The researchers also showed the engineered phages’ pyroelectric currents could sensitively detect volatile organic compounds through peptide motifs on the viral coat specially designed to bind target molecules. Phages displaying hydrophilic peptides generated currents proportional to the surrounding humidity and polarity of exposed organic solvents. Meanwhile, phages exhibiting peptides that interact with aromatic compounds selectively produced currents when detecting benzene, toluene and xylene fumes.
This pioneering demonstration of substantial, tunable pyroelectricity in a genetically engineered virus opens doors for numerous applications. By replicating virus-based pyroelectric materials en masse, lightweight biodegradable pyroelectric energy harvesters could be affordably manufactured.
Implanted biopyroelectric devices may one day draw electrical power from natural heat gradients inside the human body. Virus-based pyroelectric gas and vapor sensors also offer inexpensive yet highly sensitive alternatives to existing electronic devices.

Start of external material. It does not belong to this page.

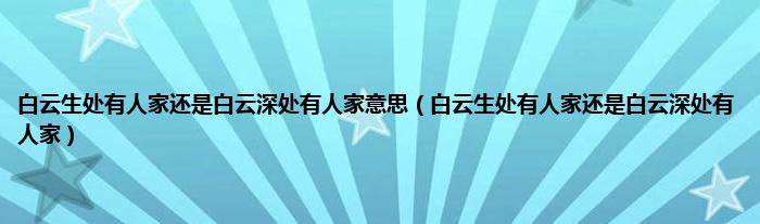 大家好,小科来为大家解答以上问题。白云生处有人家还是白云深处有人家意思,白云生处有人家还是白云深处有人家很多人还不知道,现在让我们一起来看看吧!

More broadly, this research illuminates new prospects for engineering superior pyroelectric biomaterials. Insights gained from modifying virus structures could guide enhancements of pyroelectric properties in tissues, cells and proteins. Rather than relying on natural biomolecules, purpose-built biopyroelectric materials synthesized through synthetic biology may fulfill needs from compact infra-red sensors to flexible biomedical monitors benefiting human health and industry.
Just as optogenetics revolutionized neuroscience by imparting light-sensing abilities to neurons, imparting pyroelectric capabilities to biologicals via genetic engineering could spur countless inventions benefiting society.